Fire intensity affects some components of vegetation recovery. For
example, fire intensity promotes bark beetles, which cause mortality of
south Florida slash pine, as detailed in an article in press by Menges
and Mark Deyrup. Jose Luis Hierro and Menges, however, found no
effects of experimentally increased fire temperatures on the recovery of
flatwoods vegetation at the Lake Placid Scrub Preserve.

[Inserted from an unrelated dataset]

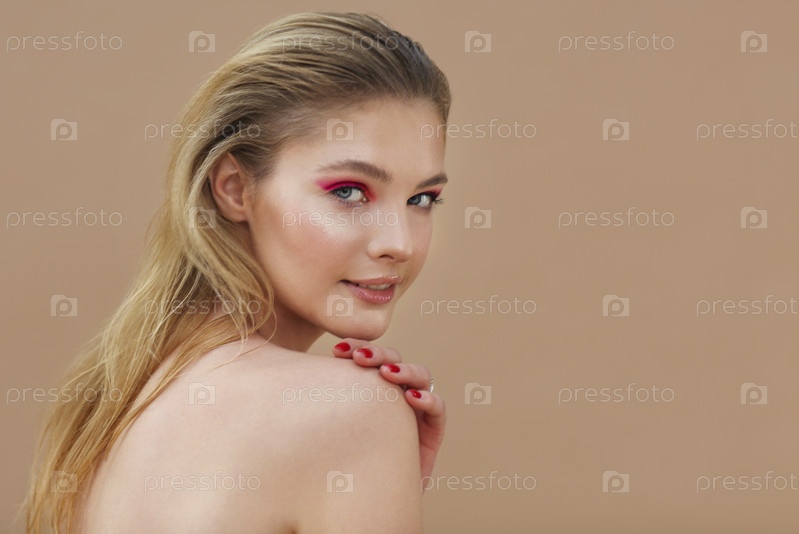 Красивая модельная девушка с красным маникюром на ногтях с ярким макияжем и косметикой

Fire Management and Adjuncts to Fire. Many land managers would
like to manage Florida scrub with substitutions or adjuncts to fire,
such as mowing or logging. However, these treatments or pretreatments
may not produce ecologically similar responses to fire. Our lab (in
collaboration with Dawn Berry and the state agency managing
several sites on the Lake Wales Ridge, the Florida Fish and Wildlife
Conservation Comm.) is studying the effects of mowing (with a brown
tree-cutter) and prescribed fire on rare plant populations and
vegetation composition and structure in three central Florida scrub
sites. In a 1999 fire at one site, both calorimeters and pyrometers
recorded higher maximum temperatures in scrub plots than in mown plots.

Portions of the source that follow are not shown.